The ArCo method is a two-step procedure. In the first step, the data before the occurrence of the intervention is used to estimate a multivariate time-series regression model relating the variables in the treated unit (dependent variables) with only the variables belonging to the untreated peers (explanatory variables). In the second step, the counterfactual is constructed by extrapolating the estimated model with data after the intervention. The estimated effect is the time-series average of the difference between the actual data and the counterfactual. It is important to stress that the model is conditioned on data from the untreated peers only and the validity of the method is based on two key assumptions:
The peers are not affected by the intervention;
The data is trend-stationary.
The first assumption is common in the literature and has been also assumed by Abadie and Gardeazabal (2003) and Hsiao et al. (2012). On the other hand, the trend-stationarity assumption has been dangerously ignored in the literature. Carvalho et al. (2016b) investigate the consequences of applying the ArCo, SC or PF methods when the data are integrated processes of order 1. They find that without a cointegrating relationship (spurious case) the estimator of the effects of the intervention diverges, resulting in the rejection of the null hypothesis of no effect regardless of its existence with probability approaching 1. For the case when one cointegrating relationship exists, the estimator is \(\sqrt{T}\)-consistent for the intervention effect albeit with a non-standard distribution. Nevertheless, even in this case, the test of no intervention effect is extremely oversized if nonstationarity is ignored. When there is a drift in the data generating processes, the estimator for both cases (cointegrated and spurious) either diverges or is not well defined asymptotically. The authors thus strongly recommend the use of first-differenced data to avoid spurious results in case of integrated data. Furthermore, heterogeneous, possibly nonlinear, deterministic time trends are allowed among units. See also Ferman and Pinto (2016) for a similar discussion.
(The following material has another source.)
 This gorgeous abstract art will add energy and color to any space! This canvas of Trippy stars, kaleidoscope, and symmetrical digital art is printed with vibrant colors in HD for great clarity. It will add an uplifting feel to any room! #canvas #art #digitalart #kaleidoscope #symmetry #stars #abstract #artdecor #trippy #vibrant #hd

High-dimensionality is relevant when the number of parameters to be estimated is large compared to the actual sample size. This can happen either when the number of peers and/or the number of variables for each peer is large or when the sample size is too small. In Carvalho et al. (2016a) the authors consider a linear model estimated by the Least Absolute Selection and Shrinkage Operator (LASSO) proposed by Tibshirani (1996). However, in the R package we leave the choice of the conditioning model to the user. LASSO regressions (and extensions), regression trees and random forests, boosted trees, neural networks, splines, factor models, are some possible examples of models to be estimated in the first step. The results in Carvalho et al. (2016a) are derived under asymptotic limits on the time dimension (\(T\)). However, the authors allow the number of peers (\(n\)) and the number of observed variables for each peer to grow as a function of \(T\).
The ArCo approach nests the PF method proposed by Hsiao et al. (2012) and can been seen as a generalization of the SC approach in the same lines as discussed by Doudchenko and Imbens (2016) and Ferman and Pinto (2016). It is also better suited than Difference-in-Differences (DiD) estimators for comparative case studies when there is a single treated unit and no similar control group is available, even after the inclusion of many control variables. Furthermore, the ArCo approach relaxes the stringent parallel trend restriction of the DiD methods.
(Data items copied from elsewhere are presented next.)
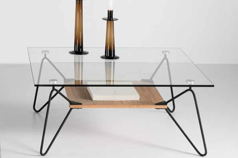 Table basse design avec double plateau, dessus en verre et dessous en bois. Structure acier chromé ou acier noir.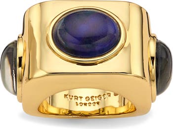 Resin cabochon-cut stones in a variety of colors add to the moody vibe of a statement-making cocktail ring fashioned in a dynamic geometric setting.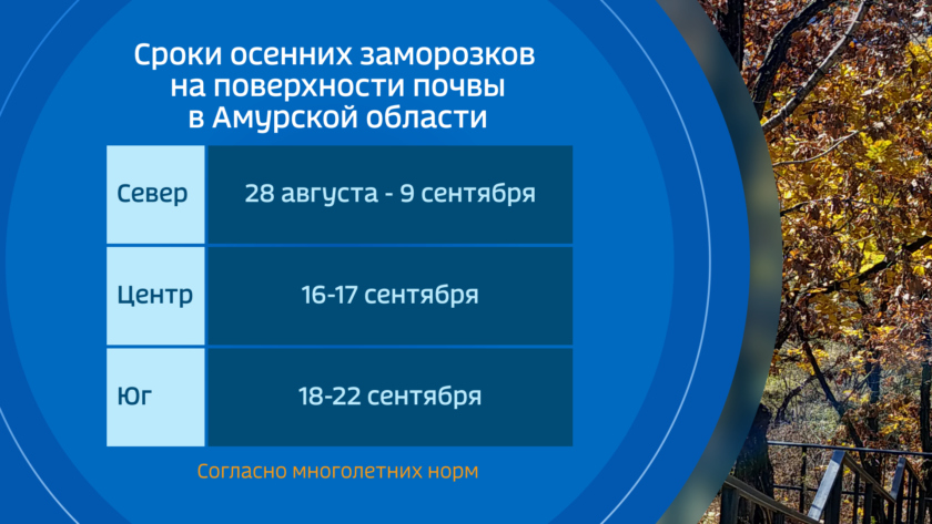 Согласно многолетним нормам, средние даты наступления заморозков на поверхности почвы в центральных и южных районах области приходятся как раз на этот период — с 16 по 22 сентября. В прошлом году из-за довольно теплого начала осени сезон осенних заморозков был открыт в ночь на 7 октября. Тогда минусовые температуры были зафиксированы практически во всех районах. Самые поздние заморозки фиксировались в 2009 году. Тогда они наступили в ночь на 15 октября.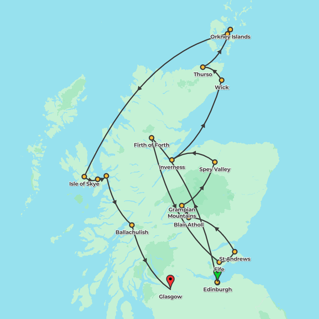 Explore Scotland from Edinburgh to Glasgow, taking in the Isle of Skye and the Orkney Islands with guided highlights, relaxed starts and authentic dining on a small-group journey.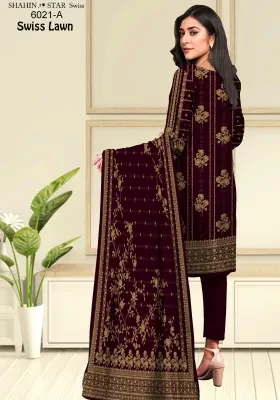 Product details of Shahin Star Swiss Lawn Premium Quality Unstitched 3piece Suit DN#6021-A

Recently, Gobillon and Magnac (2016) generalize DiD estimators by considering a correctly specified linear panel model with strictly exogenous regressors and interactive fixed effects represented as a number of common factors with heterogeneous loadings. Their theoretical results rely on double asymptotics when both \(T\) and \(n\) go to infinity. The authors allow the common confounding factors to have nonlinear deterministic trends. The ArCo method differs from Gobillon and Magnac (2016) in several directions. First, as mentioned before, the model is not assumed to be correctly specified and there is no need to estimate the common factors. Consistent estimation of factors needs that both the time-series and the cross-section dimensions diverge to infinity and can be severely biased in small samples. The ArCo methodology requires only the time-series dimension to diverge. Furthermore, the regressors do not need to be strictly exogenous which is an unrealistic assumption in most applications with aggregate data. Heterogeneous nonlinear trends are also allowed but there is no need to estimate them (either explicitly or via common factors). Finally, as in the DiD case, the ArCo does not either require the number of treated units to grow or to have a reliable control group (after conditioning on covariates).
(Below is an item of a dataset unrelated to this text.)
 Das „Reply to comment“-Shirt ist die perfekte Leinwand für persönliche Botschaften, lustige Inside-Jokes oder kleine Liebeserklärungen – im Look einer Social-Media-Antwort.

Although, both the ArCo and the SC methods construct a counterfactual as a function of observed variables from a pool of peers, the two approaches have important differences. First, the SC method relies on a convex combination of peers to construct the counterfactual which, as pointed out by Ferman and Pinto (2016), biases the estimator. The ArCo solution is a general, possibly nonlinear, function. Even in the case of linearity, the method does not impose any restriction on the parameters. For example, the restriction that weights in the SC methods are all positive seems a bit too strong. The SC method also requires an unrealistic identification assumption about the (perfect-)fit of the model in the pre-intervention period. Furthermore, the weights in the SC method are usually estimated using time averages of the observed variables for each peer. Therefore, all the time-series dynamics is removed and the weights are determined in a pure cross-sectional setting. In addition, the SC method was designed to evaluate the effects of the intervention on a single variable. In order to evaluate the effects in a vector of variables, the method has to be applied several times. The ArCo methodology can be directly applied to a vector of variables of interest. In addition, there is no formal inferential procedure for hypothesis testing in the SC method, whereas in the ArCo methodology, a simple, uniformly valid and standard test can be applied1. Finally, as discussed in Ferman et al. (2016), the SC method does not provide any guidance on how to select the variables which determine the optimal weights2.
This section aims to describe the mathematical notation and the key definitions of the ArCo methodology in a way that is compatible with the ArCo (Fonseca et al. 2017) package. For further details on statistical properties and theoretical results, see Carvalho et al. (2016a) and Carvalho et al. (2016b). Everything concerning the technique used to estimate the first-step model is left in a very general way as the ArCo package was developed to accept many different classes of models. Note, however, that the theory and the inference was developed for LASSO linear regressions.
units: Indexed by \(i=1,\dots,n\). Units are, for example, municipalities, states, regions, countries, products, firms, stores, etc. The treatment occurs in one of these units and do not affect the others.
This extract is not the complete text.